Is there a way on fly.io to set the runAs user other than using the USER command in Dockerfile (as in, the equivalent to docker run --user)? In the case where I’m using the paketo buildpack system, there’s no Dockerfile, so I can’t use the USER instruction there. But if there’s a way to launch an app/machine as the root user regardless of the user instruction that’s in the image, then doing that and then letting the entrypoint chmod the pipes and then su to the cnb user before running the main process seems like a reasonable approach/workaround.

I have no idea about overriding the user*, but can’t you just override ENTRYPOINT (or CMD) in fly.toml? The temporary workaround I mentioned should “just work”, though you’ll probably need to also identify the original value of ENTRYPOINT/CMD and chain it in (you should be able to identify it by pulling the image and inspecting it).

*The Machines API appears to support UserOverride, but I can’t spot any way to set it from fly.toml.

Will you pls explain what these two lines test? I can see that the string test wouldn’t append to /tmp/out (which is a regular file?), but have trouble understanding how /tmp/out became a stdout sink and why /bin/sh -c ... >/tmp/out didn’t (or isn’t expected to) truncate /tmp/out…?


Yes, via the experimental section of an app’s fly.toml (docs, ref), or the processes section (where app is the default name for an entrypoint / main process on Fly):

(unsure if flyctl commands for Machines / Apps v2 support experimental section, but it does support processes ref).

1 Like

Oh yeah, that wasn’t very self-explanatory. Here is a simplified version:

su -s /bin/sh -c 'echo "test 1"; echo "test 2" >>/dev/stdout' www-data >/tmp/out

Here /tmp/out is a regular file which is only writable by root. The aim is to get the “inner” command (two echo’s) to run as user www-data with fd 1 open to /tmp/out. The outer command achieves this by calling su and redirecting output to /tmp/out.

The first echo succeeds (and the output is saved in /tmp/out) even though www-data doesn’t have write access to /tmp/out. The second echo seems to be equivalent (because /dev/stdout is normally equivalent to fd 1), but it fails because /dev/stdout is a symlink to /proc/self/fd/1 which is a symlink to /tmp/out and opening it triggers a permission check which fails.

In the su invocation, the option -s /bin/sh is required because the default shell of www-data is /usr/sbin/nologin.
Changing >>/dev/stdout to >/dev/stdout doesn’t make a difference.

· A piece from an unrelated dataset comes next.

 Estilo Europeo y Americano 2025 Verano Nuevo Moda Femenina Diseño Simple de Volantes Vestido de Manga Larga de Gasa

The experimental section only has cmd and entrypoint (and exec), it doesn’t have user.

1 Like

Thank you, @tom93, for your example and for explaining the difference in how the kernel processes permissions for inherited file descriptors vs. opening new ones!

For images created with the Paketo PHP buildpack, the default entrypoint is:

procmgr-binary /layers/paketo-buildpacks_php-start/php-start/procs.yml

That can be overridden by a custom Procfile, which I can set to:

web: mkfifo /tmp/stdout /tmp/stderr; cat /tmp/stdout >&1 & cat /tmp/stderr >&2 & procmgr-binary /layers/paketo-buildpacks_php-start/php-start/procs.yml

That then lets my Apache configuration be:

ErrorLog /tmp/stderr
CustomLog /tmp/stdout common

I think that’s now working, but I’m not totally sure yet because I’m getting errors elsewhere unrelated to this (and I’m pretty sure unrelated to Fly) that I’ll try to work through next week, but conceptually at least I think the above all makes sense to me.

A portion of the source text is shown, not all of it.